*** Opening EXTRACTED INFORMATION ***

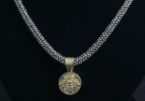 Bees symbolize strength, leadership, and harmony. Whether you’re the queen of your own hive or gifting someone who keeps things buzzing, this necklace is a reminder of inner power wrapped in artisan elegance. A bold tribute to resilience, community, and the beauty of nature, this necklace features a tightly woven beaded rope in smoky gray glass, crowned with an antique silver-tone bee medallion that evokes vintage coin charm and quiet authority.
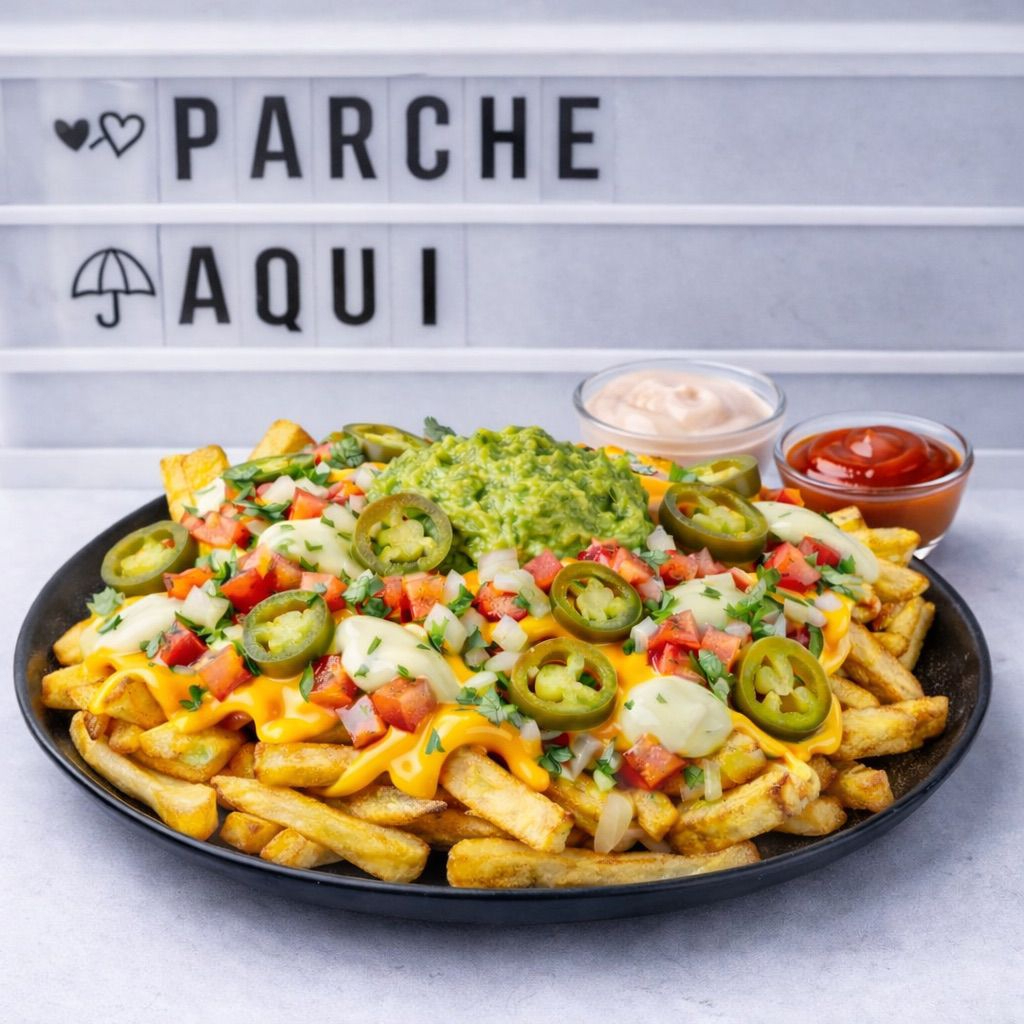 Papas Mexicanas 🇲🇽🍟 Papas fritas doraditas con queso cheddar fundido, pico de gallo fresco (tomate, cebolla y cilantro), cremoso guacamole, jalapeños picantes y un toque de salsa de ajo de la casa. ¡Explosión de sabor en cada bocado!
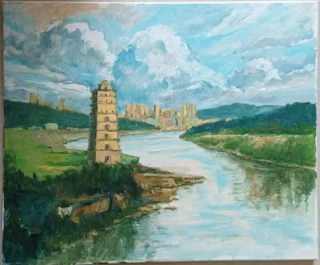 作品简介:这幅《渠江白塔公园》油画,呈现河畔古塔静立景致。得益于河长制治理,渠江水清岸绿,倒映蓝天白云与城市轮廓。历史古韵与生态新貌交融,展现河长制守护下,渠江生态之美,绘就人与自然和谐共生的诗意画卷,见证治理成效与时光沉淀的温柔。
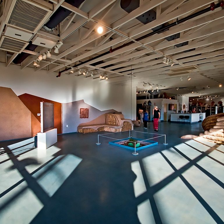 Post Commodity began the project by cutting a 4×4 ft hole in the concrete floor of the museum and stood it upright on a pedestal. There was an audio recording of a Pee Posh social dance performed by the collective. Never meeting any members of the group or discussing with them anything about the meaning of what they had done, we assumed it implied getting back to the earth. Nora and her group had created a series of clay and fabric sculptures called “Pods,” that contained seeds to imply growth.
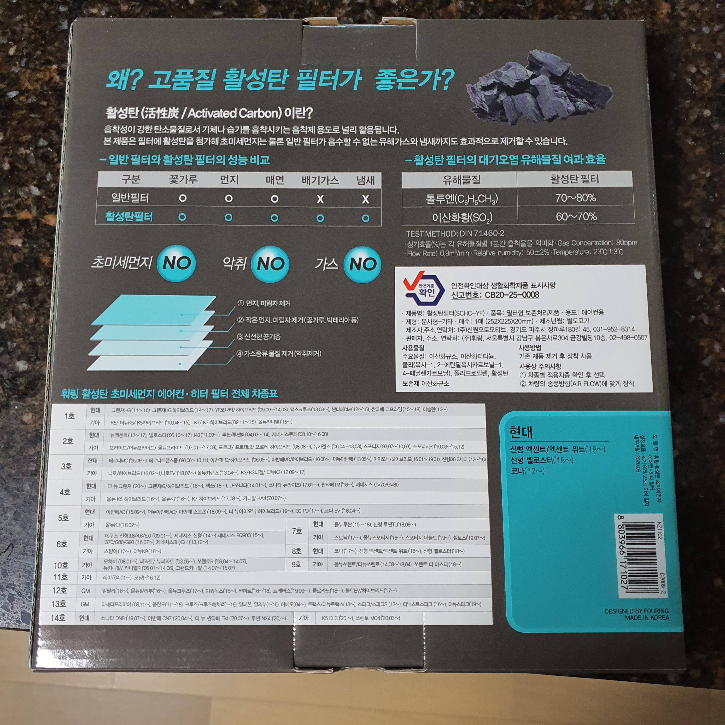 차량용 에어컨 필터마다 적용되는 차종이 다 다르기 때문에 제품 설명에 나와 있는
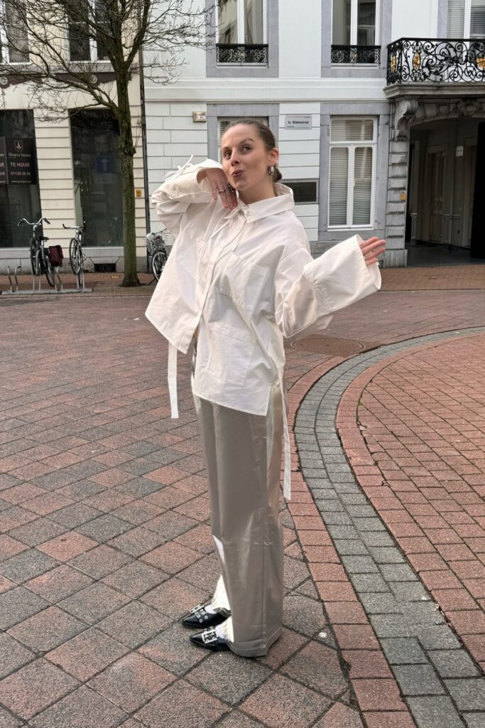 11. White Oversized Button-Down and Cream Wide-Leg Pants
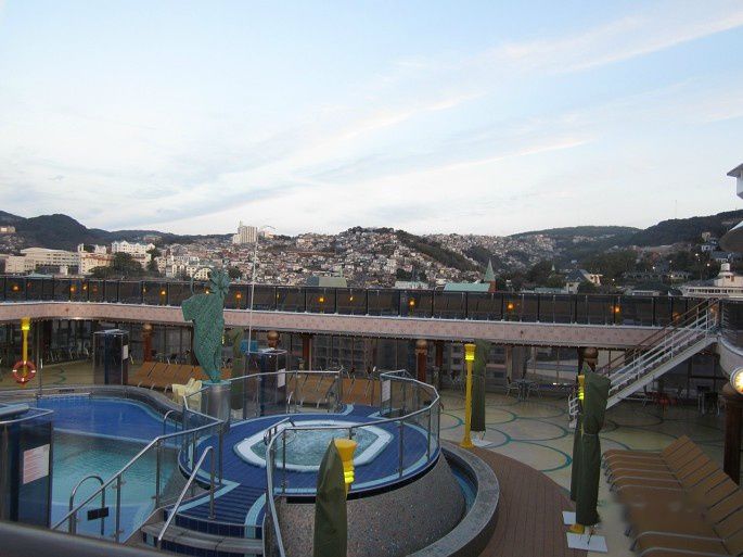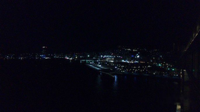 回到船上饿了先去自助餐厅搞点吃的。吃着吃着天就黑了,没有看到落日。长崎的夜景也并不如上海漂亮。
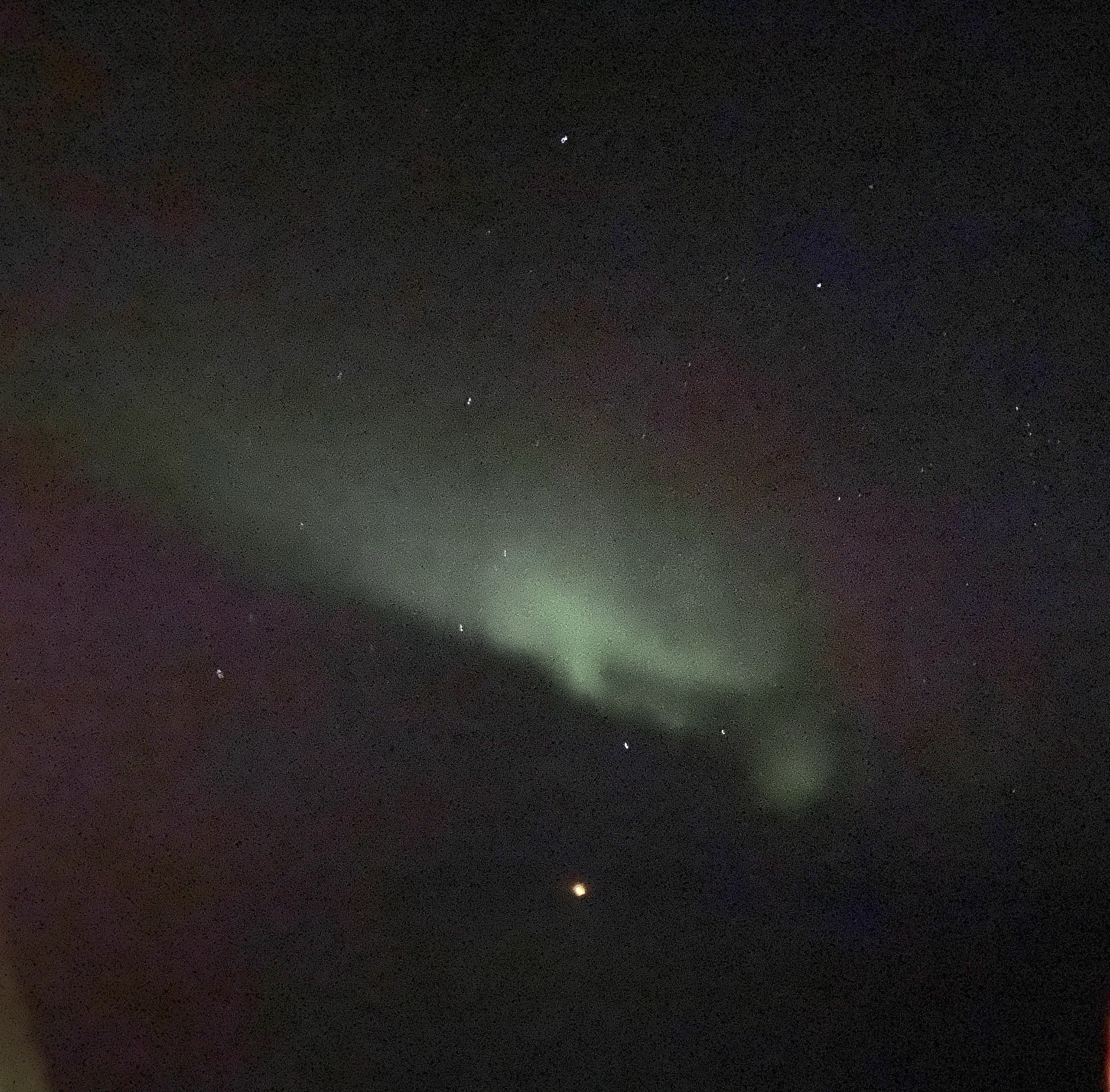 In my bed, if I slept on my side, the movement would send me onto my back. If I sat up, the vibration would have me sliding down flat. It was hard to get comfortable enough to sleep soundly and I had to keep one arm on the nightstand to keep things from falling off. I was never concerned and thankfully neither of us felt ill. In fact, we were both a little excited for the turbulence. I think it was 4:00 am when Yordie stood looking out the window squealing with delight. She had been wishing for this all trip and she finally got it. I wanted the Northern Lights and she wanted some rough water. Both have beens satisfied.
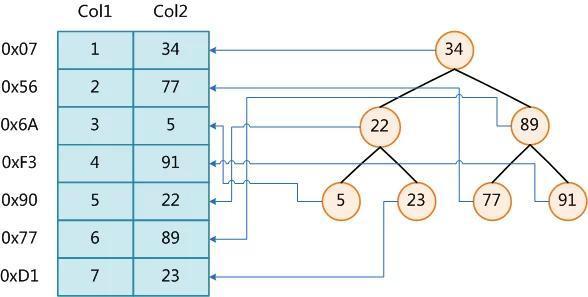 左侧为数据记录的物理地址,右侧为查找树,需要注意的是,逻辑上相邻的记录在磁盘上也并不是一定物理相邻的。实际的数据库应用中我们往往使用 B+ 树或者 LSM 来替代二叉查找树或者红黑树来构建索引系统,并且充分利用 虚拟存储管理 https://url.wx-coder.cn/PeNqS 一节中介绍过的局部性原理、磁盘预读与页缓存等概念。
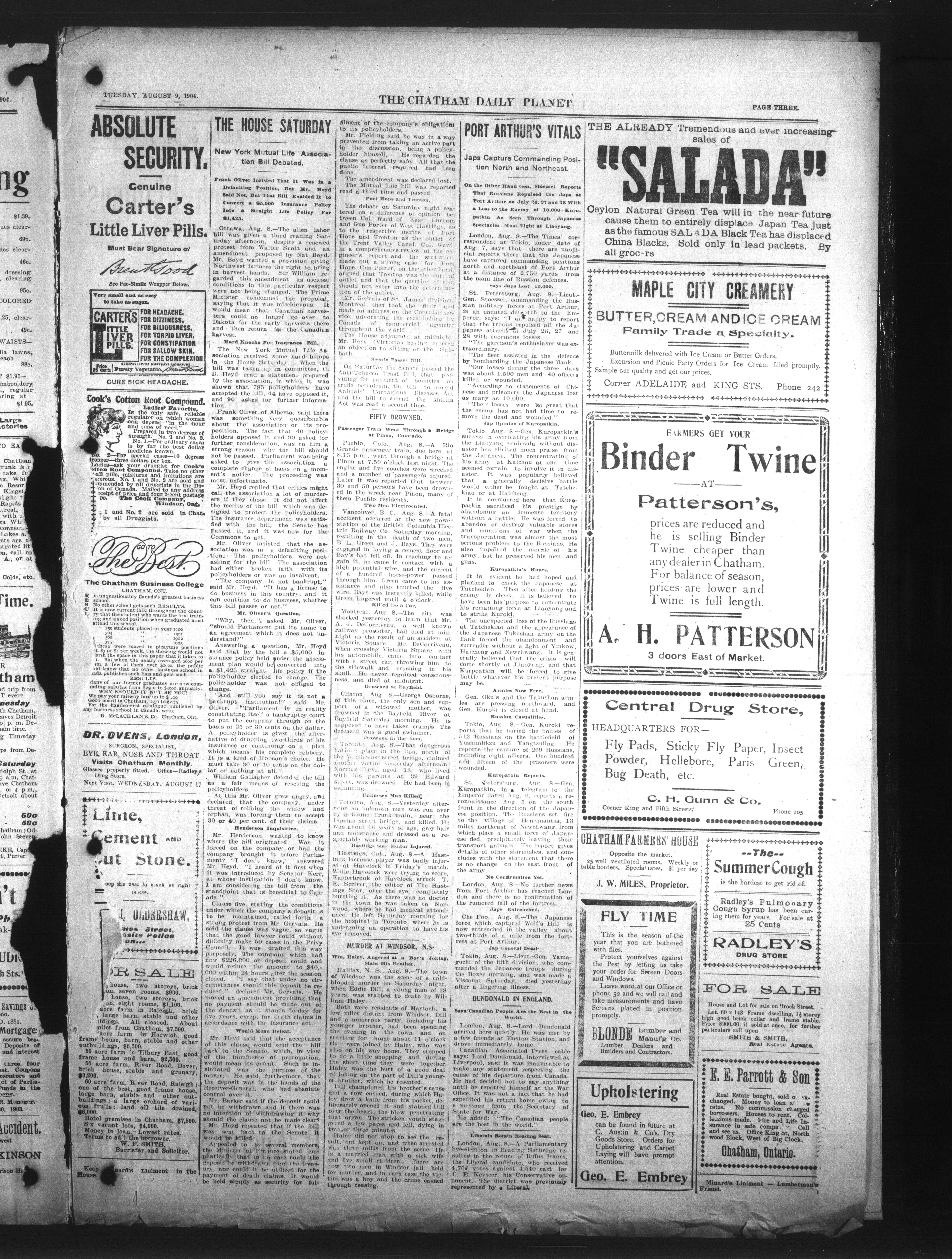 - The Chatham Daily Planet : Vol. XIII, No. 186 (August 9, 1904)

*** Closing EXTRACTED INFORMATION ***

## INSTRUCTIONS TO FOLLOW
Could the entries above be copied out exactly, with no pictures included?

## RESPONSE FOR THIS EXERCISE
 Bees symbolize strength, leadership, and harmony. Whether you’re the queen of your own hive or gifting someone who keeps things buzzing, this necklace is a reminder of inner power wrapped in artisan elegance. A bold tribute to resilience, community, and the beauty of nature, this necklace features a tightly woven beaded rope in smoky gray glass, crowned with an antique silver-tone bee medallion that evokes vintage coin charm and quiet authority.
 Papas Mexicanas 🇲🇽🍟 Papas fritas doraditas con queso cheddar fundido, pico de gallo fresco (tomate, cebolla y cilantro), cremoso guacamole, jalapeños picantes y un toque de salsa de ajo de la casa. ¡Explosión de sabor en cada bocado!
 作品简介:这幅《渠江白塔公园》油画,呈现河畔古塔静立景致。得益于河长制治理,渠江水清岸绿,倒映蓝天白云与城市轮廓。历史古韵与生态新貌交融,展现河长制守护下,渠江生态之美,绘就人与自然和谐共生的诗意画卷,见证治理成效与时光沉淀的温柔。
 Post Commodity began the project by cutting a 4×4 ft hole in the concrete floor of the museum and stood it upright on a pedestal. There was an audio recording of a Pee Posh social dance performed by the collective. Never meeting any members of the group or discussing with them anything about the meaning of what they had done, we assumed it implied getting back to the earth. Nora and her group had created a series of clay and fabric sculptures called “Pods,” that contained seeds to imply growth.
 차량용 에어컨 필터마다 적용되는 차종이 다 다르기 때문에 제품 설명에 나와 있는
 11. White Oversized Button-Down and Cream Wide-Leg Pants
 回到船上饿了先去自助餐厅搞点吃的。吃着吃着天就黑了,没有看到落日。长崎的夜景也并不如上海漂亮。
 In my bed, if I slept on my side, the movement would send me onto my back. If I sat up, the vibration would have me sliding down flat. It was hard to get comfortable enough to sleep soundly and I had to keep one arm on the nightstand to keep things from falling off. I was never concerned and thankfully neither of us felt ill. In fact, we were both a little excited for the turbulence. I think it was 4:00 am when Yordie stood looking out the window squealing with delight. She had been wishing for this all trip and she finally got it. I wanted the Northern Lights and she wanted some rough water. Both have beens satisfied.
 左侧为数据记录的物理地址,右侧为查找树,需要注意的是,逻辑上相邻的记录在磁盘上也并不是一定物理相邻的。实际的数据库应用中我们往往使用 B+ 树或者 LSM 来替代二叉查找树或者红黑树来构建索引系统,并且充分利用 虚拟存储管理 https://url.wx-coder.cn/PeNqS 一节中介绍过的局部性原理、磁盘预读与页缓存等概念。
 - The Chatham Daily Planet : Vol. XIII, No. 186 (August 9, 1904)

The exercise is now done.